--- INFORMATION PROVIDED ---
· · ·
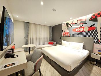 Слышимость между номерами. Забывчивость персонала (постоянно не докладывали полотенца, выносили мусор частично). Завтрак совершенно не интересный для европейца. Локация - вроде одна станция до активной жизни, но как будто живёшь на отшибе. И 500м до станции метро напрягает. Такси вызывать, можно ждать час. Подводя итог, скорее цена >100$ за ночь завышена
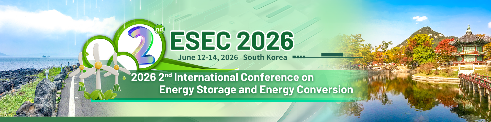 The 2026 2nd International Conference on Energy Storage and Energy Conversion (ESEC 2026) will be held in Hohhot, China & Seoul, Korea (South), from June 12 to 14, 2026. This conference aims to bring together leading scholars, researchers, and industry experts worldwide to exchange cutting-edge research and innovative applications in energy storage and energy conversion technologies. The event will focus on key topics such as advanced battery technologies, renewable energy conversion, and smart energy management systems, serving as a high-level platform for academic and industrial collaboration. ESEC 2026 seeks to drive breakthroughs in energy storage and conversion technologies, promote the efficient utilization of clean energy, and contribute to the optimization of global energy structures and sustainable development. Experts and scholars from around the world are cordially invited to participate and jointly shape the future of energy!
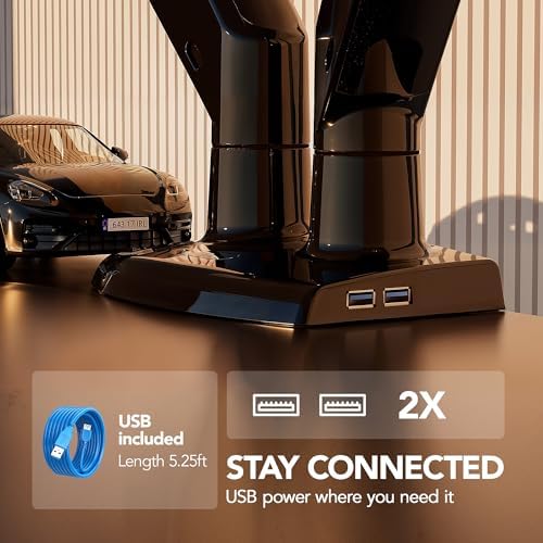 Flexible Mounting and Convenient Charging: The dual monitor stand supports both clamp and bolt-through grommet mounting for desk thicknesses up to 3.54″. The hole for grommet mounting should be 0.39″ to 1.97″ in diameter. With two built-in USB ports and a 5.25 ft USB cable, this stand provides an easy way to charge your devices.
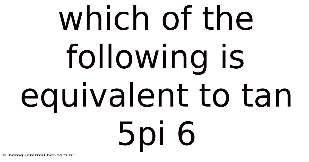 Understanding trigonometric values at special angles is a cornerstone of calculus, physics, and engineering. Now, one frequently encountered problem asks which expression is equivalent to (\tan\frac{5\pi}{6}). Now, while the question may appear simple, it opens the door to a rich set of concepts: reference angles, the unit circle, sign conventions across quadrants, and fundamental identities such as the tangent‑sum and co‑function formulas. This article walks you through every step needed to evaluate (\tan\frac{5\pi}{6}) correctly, explains why several seemingly plausible alternatives are actually incorrect, and provides a toolbox of strategies you can reuse for any angle expressed in radians.
· · ·
--- WORK INSTRUCTIONS ---
The required output is the listing above reproduced exactly, pictures removed.

--- RESULT OF THE TASK ---
 Слышимость между номерами. Забывчивость персонала (постоянно не докладывали полотенца, выносили мусор частично). Завтрак совершенно не интересный для европейца. Локация - вроде одна станция до активной жизни, но как будто живёшь на отшибе. И 500м до станции метро напрягает. Такси вызывать, можно ждать час. Подводя итог, скорее цена >100$ за ночь завышена
 The 2026 2nd International Conference on Energy Storage and Energy Conversion (ESEC 2026) will be held in Hohhot, China & Seoul, Korea (South), from June 12 to 14, 2026. This conference aims to bring together leading scholars, researchers, and industry experts worldwide to exchange cutting-edge research and innovative applications in energy storage and energy conversion technologies. The event will focus on key topics such as advanced battery technologies, renewable energy conversion, and smart energy management systems, serving as a high-level platform for academic and industrial collaboration. ESEC 2026 seeks to drive breakthroughs in energy storage and conversion technologies, promote the efficient utilization of clean energy, and contribute to the optimization of global energy structures and sustainable development. Experts and scholars from around the world are cordially invited to participate and jointly shape the future of energy!
 Flexible Mounting and Convenient Charging: The dual monitor stand supports both clamp and bolt-through grommet mounting for desk thicknesses up to 3.54″. The hole for grommet mounting should be 0.39″ to 1.97″ in diameter. With two built-in USB ports and a 5.25 ft USB cable, this stand provides an easy way to charge your devices.
 Understanding trigonometric values at special angles is a cornerstone of calculus, physics, and engineering. Now, one frequently encountered problem asks which expression is equivalent to (\tan\frac{5\pi}{6}). Now, while the question may appear simple, it opens the door to a rich set of concepts: reference angles, the unit circle, sign conventions across quadrants, and fundamental identities such as the tangent‑sum and co‑function formulas. This article walks you through every step needed to evaluate (\tan\frac{5\pi}{6}) correctly, explains why several seemingly plausible alternatives are actually incorrect, and provides a toolbox of strategies you can reuse for any angle expressed in radians.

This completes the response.